Data items
========

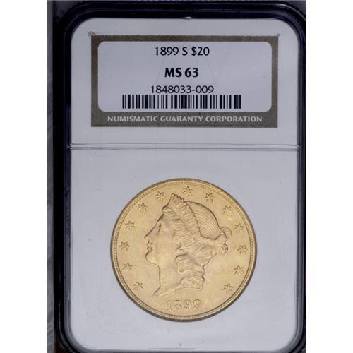 <B>1899-S<$20> MS63 NGC.</B></I> Sharply struck and highly attractive with rich yellow-gold color and traces of pinkish toning.
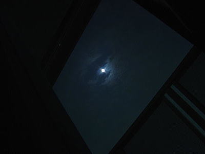 これはベランダそばでゴロンと寝転がって見上げたお月様。
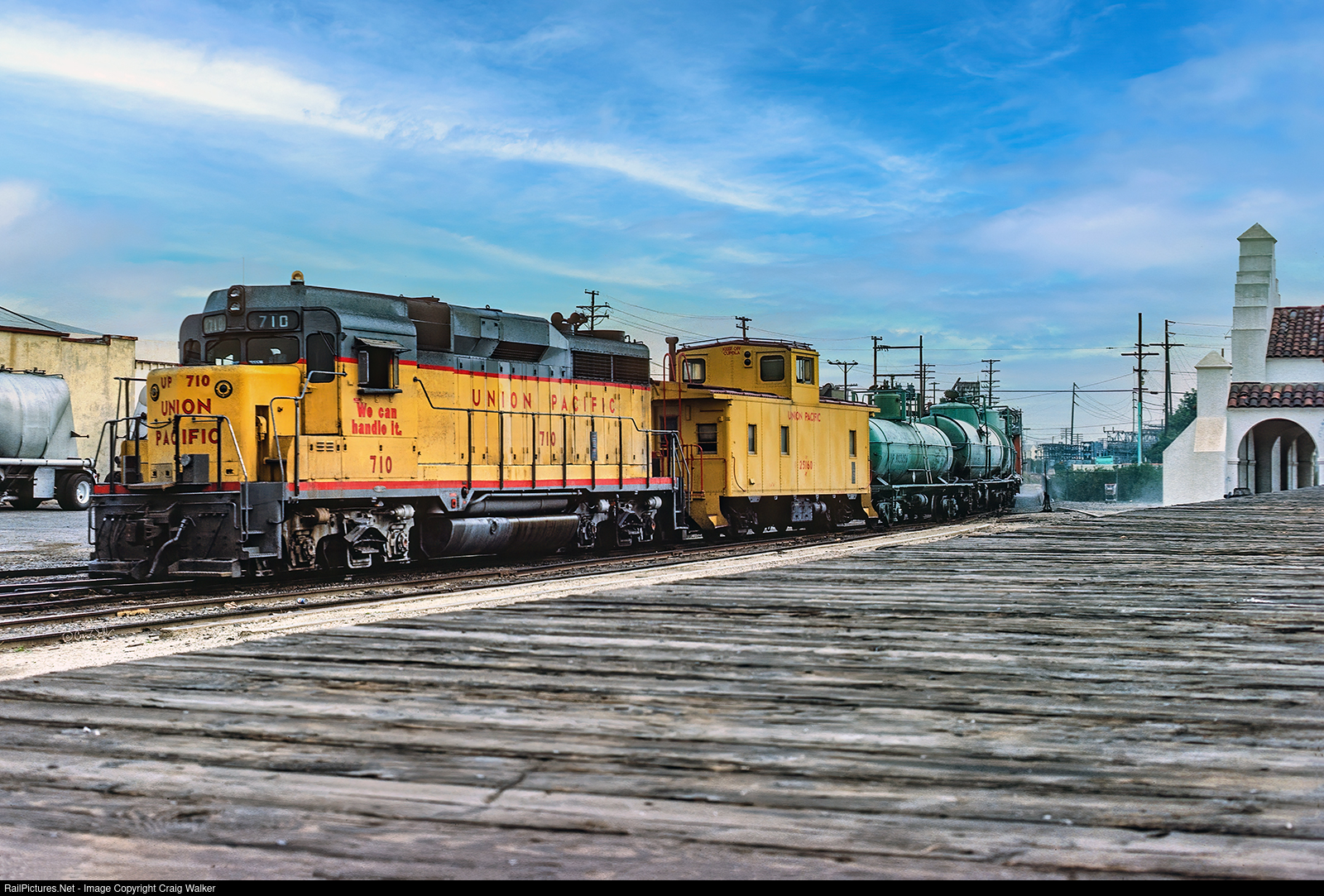 The Union Pacific's Anaheim Branch was in need of a little weed abatement, and the railroad sent a weed sprayer down to Anaheim and back to spray some weed killer along the right-of-way. The train, led by GP30 710, was passing the UP station in Fullerton, not long after leaving Anaheim. Today, the GP30 is gone, the caboose is gone, the station's freight platform is gone - even the tracks are gone. But that station? It is still in use, although it was moved across the UP tracks, across the Santa Fe tracks (parallel to the UP line, behind the warehouse with the grain trailer next to it) and across Harbor Boulevard (the bridge over which the train has already crossed) – and is now a very busy Old Spaghetti Factory restaurant in the Fullerton Amtrak station's parking lot. Click HERE to see a rear view of the train, including the weed sprayer car. (Fullerton, California – January 20, 1977)
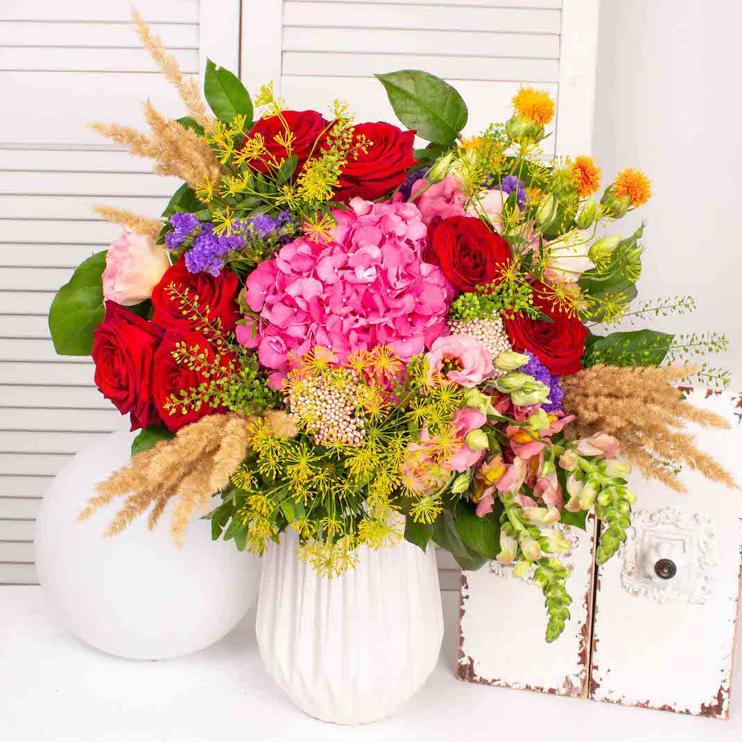 Buchet cu 7 trandafiri rosii, hortensie roz, 2 anthirinum portocaliu, 2 lisianthus roz, verdeata si alte flori
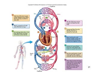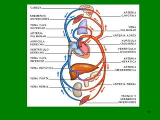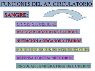 El documento resume las funciones y estructura del sistema circulatorio. Describe las partes del corazón, incluyendo las cavidades, válvulas y vasos principales. Explica cómo el corazón bombea la sangre a través de la circulación sistémica y pulmonar, suministrando oxígeno y nutrientes a los tejidos y removiendo dióxido de carbono y desechos. También describe los tipos de vasos sanguíneos, células sanguíneas y el sistema linfático.
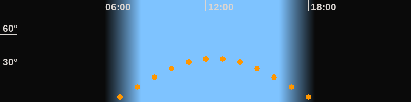 | Höchster Stand (Kulmination) | 12:30 Uhr (h = 38,9°) |
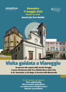 il nuovo allestimento della Torre Matilde Museo della Città, la Chiesa più antica di Viareggio la SS. Annunziata, la Via Regia con i suoi palazzi storici, la Facciata della Misericordia”. Visita Guidata gratuita, con guida abilitata, offerta, fino ad esaurimento dei posti disponibili (35) da Unicoop Firenze Sezione Soci Valdiserchio/Versilia, in collaborazione con la nostra Associazione.
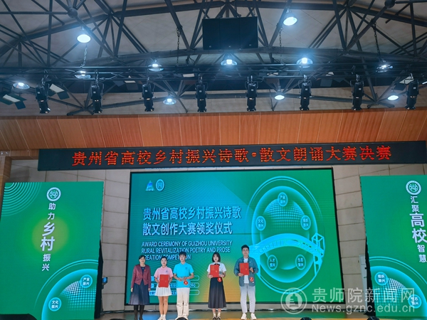 本网讯 5月17日,贵州省高校乡村振兴诗歌·散文朗诵大赛决赛在安顺学院举行,beat365文学与传媒学院两名同学代表学校参赛朗诵作品《鲜衣怒马少年郎,敢叫天地试锋芒》荣获三等奖。
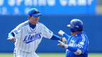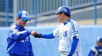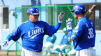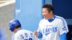 [OSEN=온나(오키나와), 이대선 기자] 10일 일본 오키나와 온나 아카마구장에서 진행된 삼성 스프링캠프에서 가진 자체평가전, 4회말 1사 2루에서 백팀 최형우가 1타점 적시타를 치고 1루에서 장재중 코치와 하이파이브를 하고 있
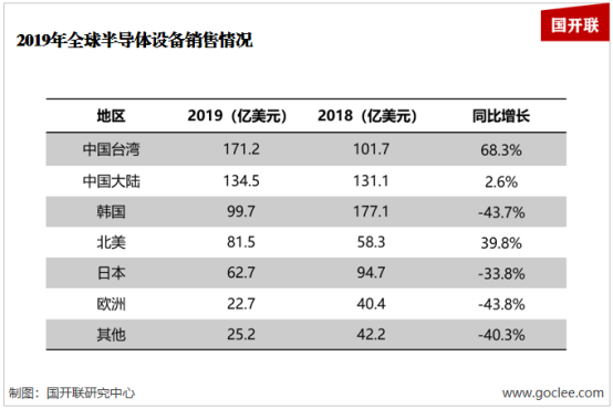 我國是全球半導體的進口大國,每年進口全球60%的集成電路產品,但集成電路產值只占據全球8%的產值。在半導體設備領域,我國對半導體設備的需求量巨大,還處于不斷的上升中,2018年我國大陸市場半導體設備銷售額首次超越臺灣,以131億美元的銷售額位于全球第二,2019年更是在全球市場中與臺灣成為唯二實現銷售額增長的市場,但我國集成電路設備商僅占據全球5%的市場份額,巨大的市場需求和極為少量的設備輸出形成巨大的反差,也顯示出我國對歐美日等國家高端半導體設備依賴程度之深。
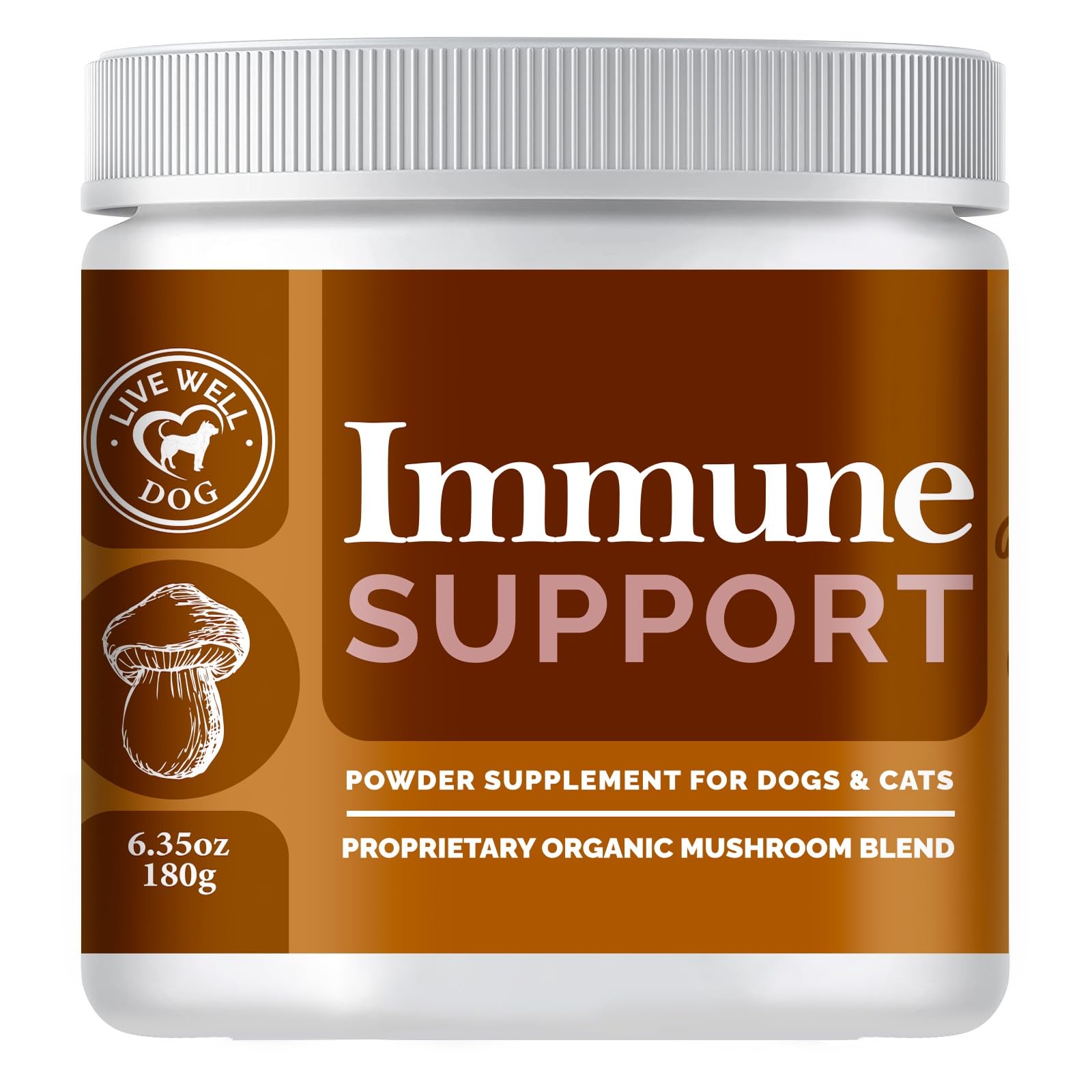 Details: Boost your furry friend's immune system with this all-natural powder supplement from Live Well Dog. Packed with a proprietary organic mushroom blend, this supplement provides essential nutrients like Reishi Organic, Turkey Tail, and Chaga to support your pet's overall health and well-being. With ingredients like chicken liver powder, sea buckthorn, and vitamin C, this formula is designed to strengthen your dog or cat's defenses. Easy to incorporate into their daily meals, simply mix the recommended dosage based on your pet's weight into their preferred food. This supplement contains no artificial flavors, preservatives, and is 100% natural, ensuring your beloved companion receives only the best. Keep your furry family member feeling their best with Live Well Dog's Immune Support powder supplement.

========

• [To do] All that should be printed is the run of lines above from the one with "本网讯 5月17日,贵州省高" through the one with "[OSEN=온나(오키나와), 이대선 기자]", both included, exactly as given, with pictures left out.

• [Answer below]
 本网讯 5月17日,贵州省高校乡村振兴诗歌·散文朗诵大赛决赛在安顺学院举行,beat365文学与传媒学院两名同学代表学校参赛朗诵作品《鲜衣怒马少年郎,敢叫天地试锋芒》荣获三等奖。
 [OSEN=온나(오키나와), 이대선 기자] 10일 일본 오키나와 온나 아카마구장에서 진행된 삼성 스프링캠프에서 가진 자체평가전, 4회말 1사 2루에서 백팀 최형우가 1타점 적시타를 치고 1루에서 장재중 코치와 하이파이브를 하고 있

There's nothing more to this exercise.